Loading

Acties voor materiaalspecifieke registratie

Procedure

Stap

Handeling

Opmerking

1

Plaats registratievel 1 met de bedrukte zijde omlaag op de glasplaat en druk op [OK] om te scannen.

OPMERKING

Controleer of de registratievellen juist zijn geplaatst in de linkerbovenhoek van de glasplaat. Controleer of het registratievel op de glasplaat niet gekruld is en geen ezelsoren heeft. U kunt een stapel papier gebruiken om het krullen te verminderen.

U moet de ADF-klep voor elke scan sluiten.

2

Plaats registratievel 2 met de bedrukte zijde omlaag op de glasplaat en druk op [OK] om te scannen.

3

Herhaal stap 1 en 2 met volgende registratievellen.

4

De materiaalregistratie is voltooid wanneer op het bedieningspaneel het bericht [Verwijder het registratievel van de glasplaat.] verschijnt

Druk op [Volgende] .

5

Op het bedieningspaneel verschijnt het bericht [Wilt u de verificatiegrafiek afdrukken?]. Wanneer u op [Ja] drukt, wordt de verificatiegrafiek afgedrukt.

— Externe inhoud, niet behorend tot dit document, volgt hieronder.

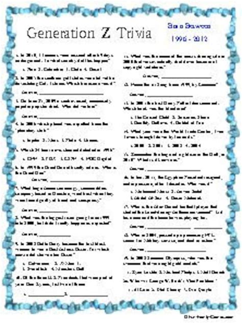 Generation Trivia Questions. Web if you find the study of generations, and society in general, fascinating then you'll love our generation.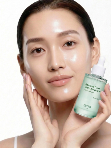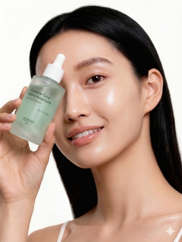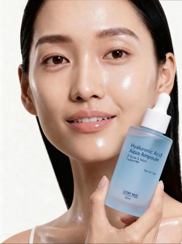 美妆产品宣传海报,整体采用清新通透的蓝白渐变色调,柔和的顶部光源营造出水润光泽感,3D立体展示的白色软管状护肤品置于圆形白色平台上,周围点缀白色花朵和绿色叶片,画面上方有产品核心功效的蓝色圆形图标与文字说明,中部包含分点介绍的肌肤问题示意图与解决方案,下方通过水滴、透明气泡等元素展现产品水润质地,搭配清晰易读的无衬线字体,整体排版层次分明,信息传达高效,符合护肤品针对敏感肌、追求温和清洁与保湿人群的宣传目的,保持相同设计风格与视觉元素,替换展示不同护肤品。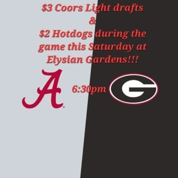 Need your football fix? Head to beautiful Elysian Gardens to watch Alabama take on Georgia in what is sure to be an exciting game! There will be $2 hotdogs and $3 beers during the game. Bring your friends and enjoy this unique Birmingham venue right in the heart of Avondale!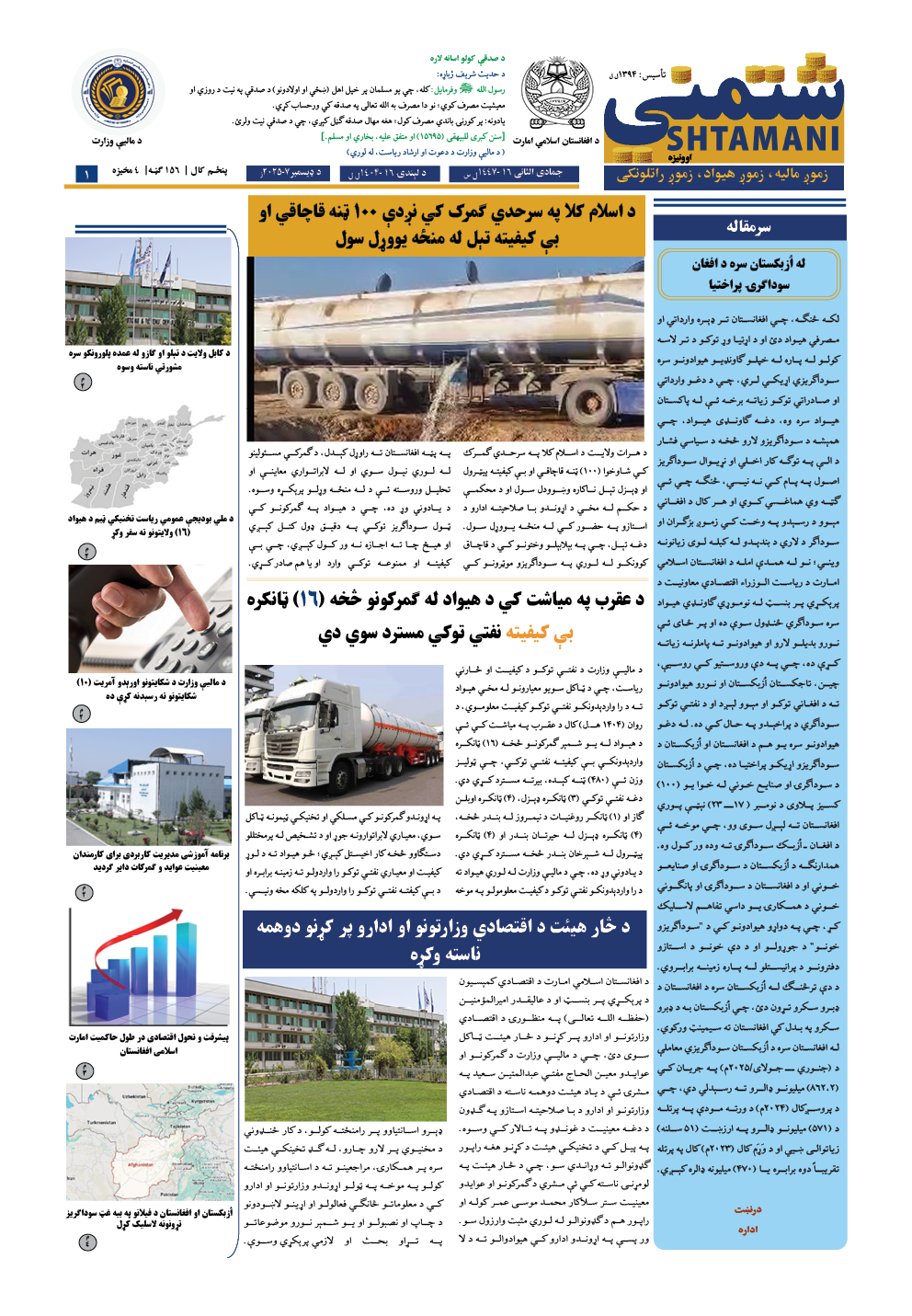 مالیي وزارت برېښنایي اونیزې 156 مه ګڼه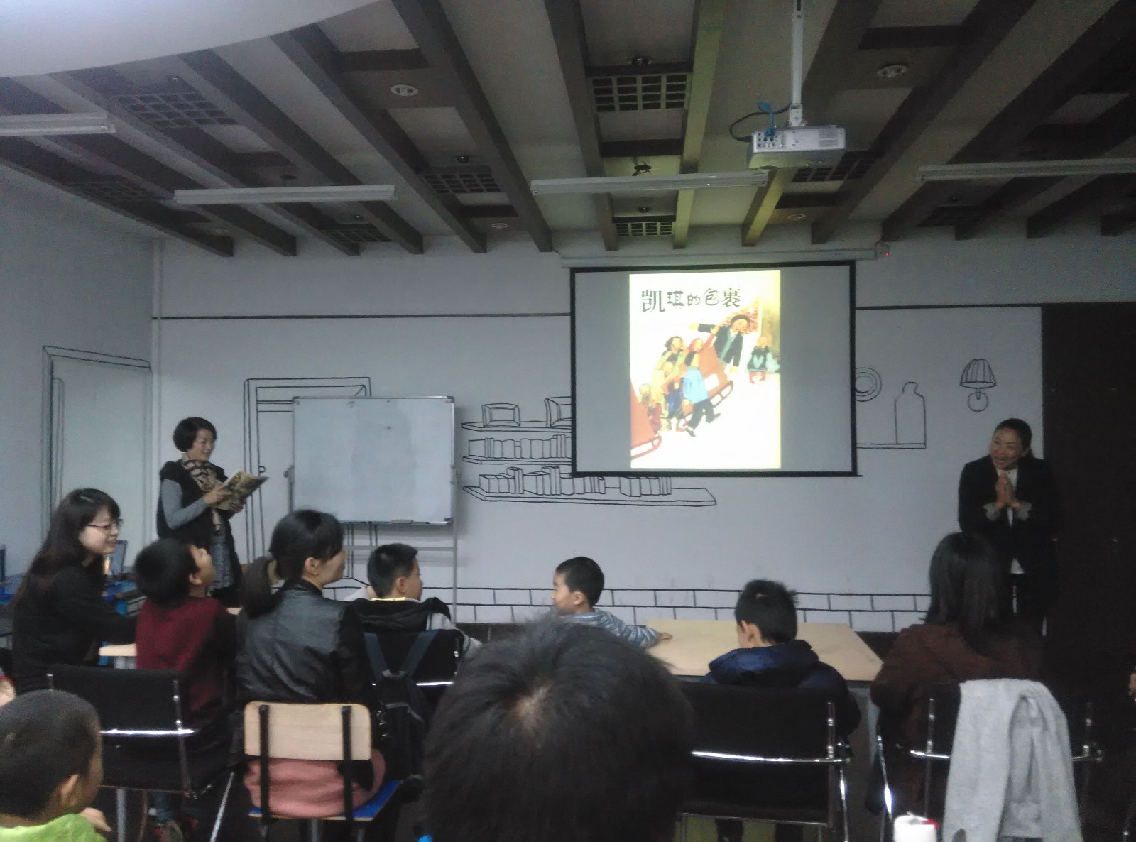 11月20日下午室外阴雨绵绵,昆山市图书馆的读书乐基地温情满泻。在双11妈妈们收到一个接一个的包裹时,在感恩节到来前,小书虫为小朋友们准备了亲子读书会《凯琪的包裹》。
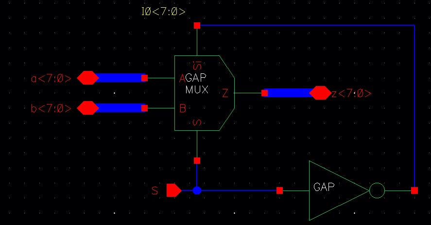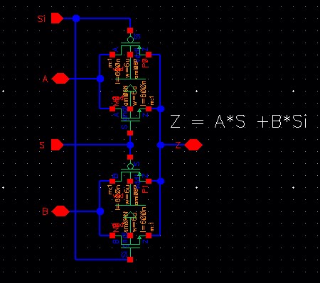 Next examine the schematic of a 2-to-1 DEMUX/MUX (and the symbol).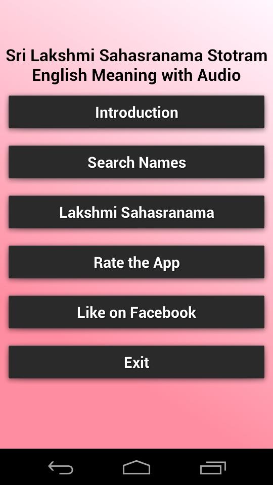 Sri Lakshmi Sahasranama Stotram (Package Name: com.omlakshmiyainama) is developed by V K R and the latest version of Lakshmi Sahasranamam 1.0 was updated on May 23, 2014. Lakshmi Sahasranamam is in the category of Music & Audio. You can check all apps from the developer of Lakshmi Sahasranamam. Currently this app is for free. This app can be downloaded on Android 2.2+ on APKFab or Google Play. All APK/XAPK files on APKFab.com are original and 100% safe with fast download.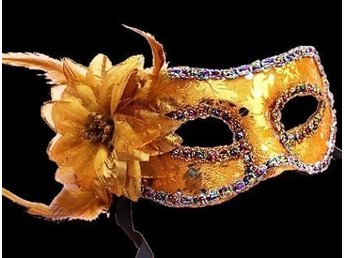 Ögonmask Venice Venedig maskerad mask utklädningskläder GULD BLOMMA FJÄDER **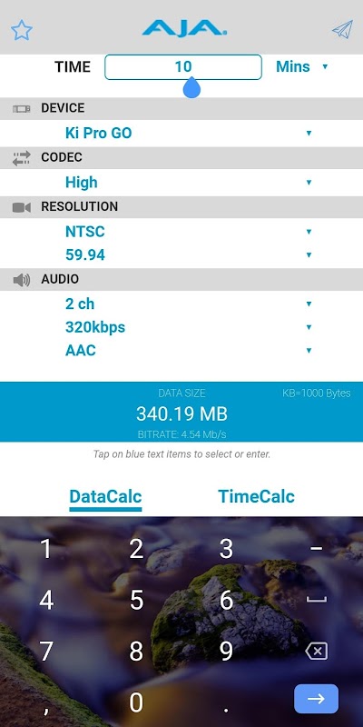 AJA DataCalc محاسبات لازم برای ذخیره سازی رسانه های صوتی و تصویری حرفه ای را محاسبه می کند.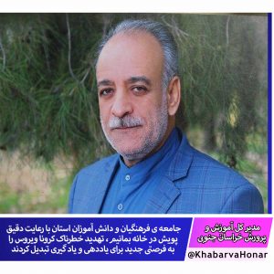 #در_خانه_میمانیم #شکست_کرونا_مردم_همدلی #کرونا_را_شکست_میدهیم #رعایت_بهداشت_فردی “تبدیل تهدید به فرصت توسط دانش آموزان و فرهنگیان استان” مدیر کل آموزش و پرورش خراسان جنوبی
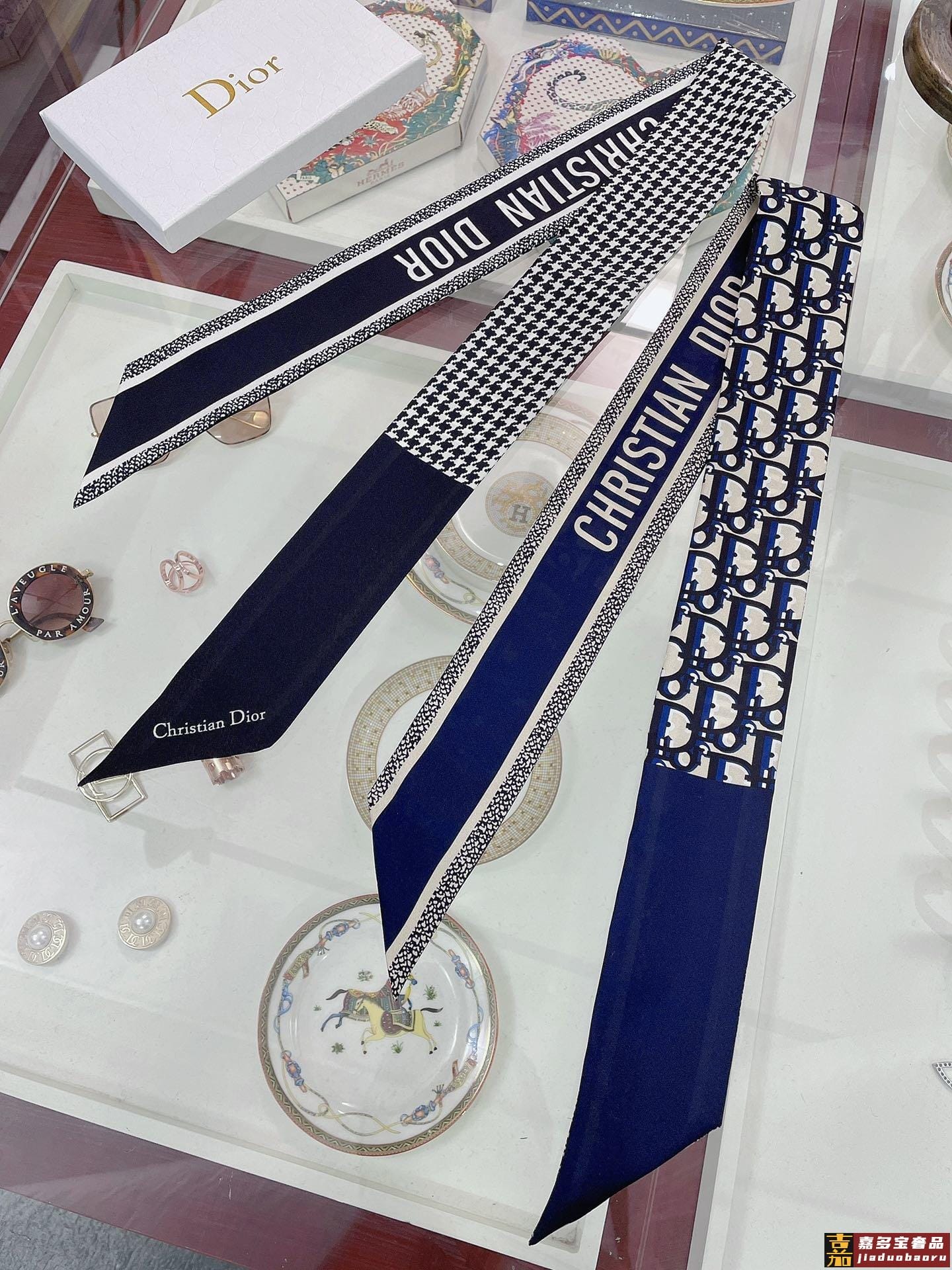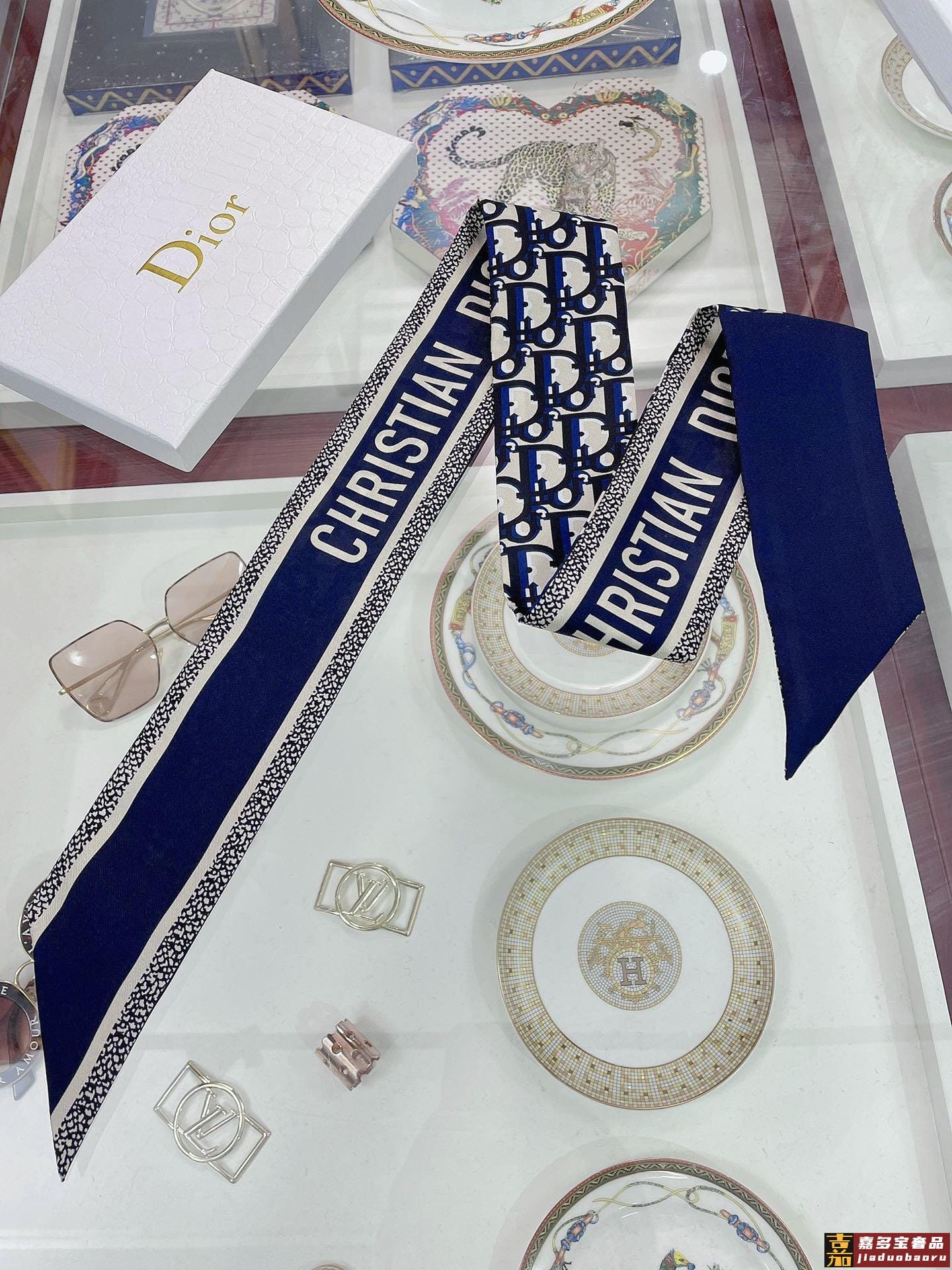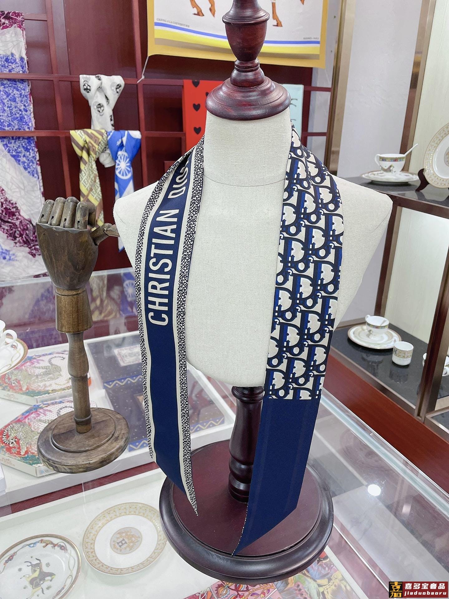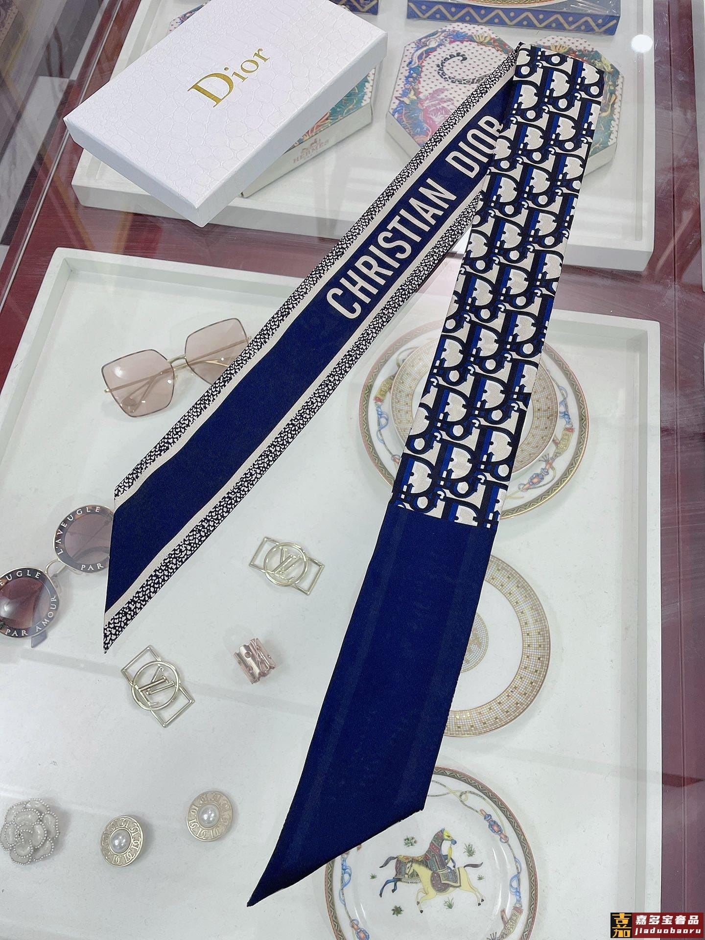 新款这款丝巾饰以印花回溯年推出的经典图案采用海军蓝色桑蚕丝斜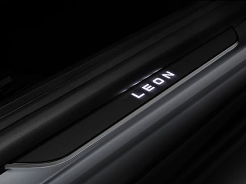 You can tell your SEAT Leon is special just by opening the door. This side sill for the entrance area bearing the model name lights up for thirty seconds when the door is opened.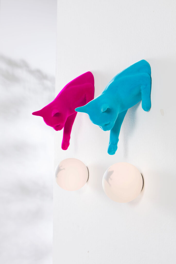 The animal world also serves as inspiration: designed by Matteo Ugolini for Karman, Maoo is a wall and table lamp that looks like… a cat! The collection expansion introduces three new fluorescent and pop colours – turquoise, fuchsia, and orange – with a velvet-effect coating, adding to the existing white or black versions. The product consists of two elements: a frosted glass sphere with an internal LED light source, a mouse-shaped sticker, and a ceramic cat. Perfect for wall mounting or placing on horizontal surfaces, this product is part of the Karman Zoo, a range entirely inspired by the animal world.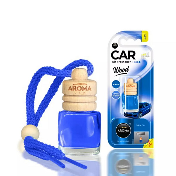631104 Ароматизатор Aroma Car Wood New Car 6ml (шт.). Автомобільний ароматизатор Aroma Car із серії Wood – це елегантний скляний флакон із приємною парфумованою композицією із французької сировини та пробкою із гігроскопічної деревини. Ароматизатор має гарний аромат New Car (Новий автомобіль). Приємний аромат у салоні вашого автомобіля підтримуватиметься до 50 днів* Технологія: Wood — це використання для пробки деревини спеціальних порід, яка після змочування рідким концентратом ароматизатора поступово звільняє з деревини чудовий аромат парфуму. ІНСТРУКЦІЇ З ВИКОРИСТАННЯ: Дістаньте ароматизатор із упаковки. Відкрутіть дерев'яну пробку та зніміть пластикову пробку зі скляної пляшки. Потім ретельно закрутіть дерев'яну пробку і переверніть пляшку догори дном. Зачекайте, поки деревина вбере ароматизатор і поверніть флакон у вертикальне положення вниз дном. Підвісьте виріб за допомогою шнурка на дзеркало заднього виду у салоні автомобіля. * за дотримання певних умов використання.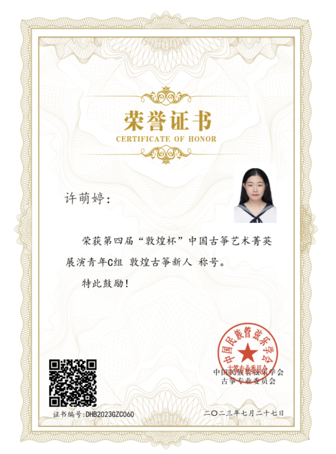 2023年7月23日—27日,第四届"敦煌杯"中国古筝艺术菁英展演顺利完成四个职业组别的最终评审,我校音乐学院学生李佳格、许萌婷荣获职业青年C组三等奖(敦煌古筝新人)。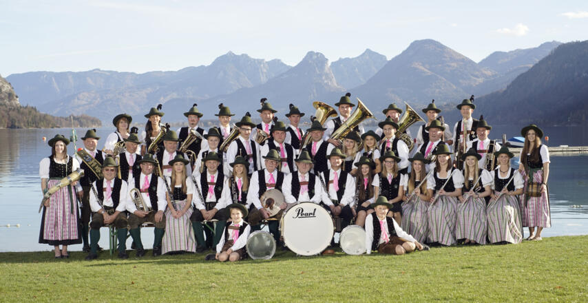Weckruf der Bürgermusik mit den örtlichen Vereinen beim Maibaum im Seepark in St. Gilgen.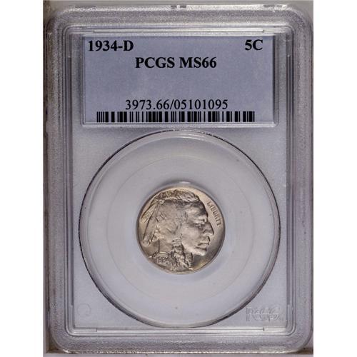 <B>1934-D<5C> MS66 PCGS.</B></I> One of the better known strike rarities in the Buffalo nickel series, this issue is from the 1930-38 Short Set. Very few sharply struck Gem examples have been certified by either of the major services over the past ten years, and it seems that this issue's semi-key status is now well assured. This is a well defined coin that has satiny luster and is untoned on each side. Population: 32 in 66, 0 finer (3/06). <BR><BR><B>Important notice:</B> Heritage usually auctions material at the rate of 200-250 lots per hour. On some occasions eBay Live bid software or the Internet may not be able to keep up with the pace of the auction. We recommend placing a realistic absentee bid now as insurance to avoid disappointment. Occasionally the auctioneer may eliminate or reject an eBay Live bid, and the auctioneer may also reopen a lot after the close of the eBay live bidding (usually because we missed an audience bid), and may reject your bid even if it shows you as the winning bidder. By bidding via eBay Live, you agree that Heritage may award the lot to another bidder at its sole discretion under the circumstances described above or any other reasonable circumstances. Since eBay bids are not shown to us until we open the lot on the floor, we treat those bids just like floor bids. In most cases the floor responds before the eBay bid is presented to us, due to Internet lag time, so for consistency we have made it a policy that floor bids are always considered first over tie eBay live bids. Also please note that all Heritage lots purchased through eBay Live carry a 20% Buyer's Premium. Please make sure you read the Terms and Conditions before you bid. This lot is being auctioned in conjunction with a live floor auction by Heritage Galleries & Auctioneers. All final auction and invoice information will be supplied by Heritage Galleries & Auctioneers, and all other information should be considered preliminary. Lot:1118 <BR><BR><B>Winning Notification and Billing:</B> After the FINAL session in this auction is complete, Heritage will send e-mail and snail mail invoices. This process normally takes several days. All final auction and invoice information will be supplied by Heritage Galleries & Auctioneers, and all other information should be considered preliminary. <BR><BR>This auction will be conducted on a live auction floor and over the Internet through eBay Live. If you choose to place an absentee bid, please take a moment to <font color='#0000ff'><u><a href='http://pages.ebay.com/liveauctions/help/before/laabsentee.html'>learn how eBay Live absentee bidding works</a></u></font><font color='#000000'>

De automatische materiaalregistratie is voltooid.

OPMERKING

Met de aanpassing van de materiaalspecifieke registratie worden alle eerder uitgevoerde automatische of handmatige materiaalspecifieke registraties overschreven.

6

Als de aanpassing is gelukt, wordt dit pictogram achter het materiaal weergegeven in de materiaalcatalogus in Settings Editor.

7

Wanneer de volgende punten van toepassing zijn, moet u het werkelijke velformaat invoeren via de handmatige materiaalregistratie voor dit materiaal.

  • De materiaalregistratie is niet optimaal en

  • Het vel is groter dan 420 mm in de X-richting (invoerrichting) en groter dan 297 mm in de Z-richting (loodrecht op de invoerrichting).

Zie Registratiewaarden.

Wanneer u niet het werkelijke velformaat invoert, ziet u een grote afwijking in de registratie van de voorzijde naar de achterzijde.

8

Als de materiaalregistratie niet optimaal is, gaat u verder met de volgende optie.

Druk de verificatiegrafiek af om te controleren of de materiaalregistratie nu optimaal is.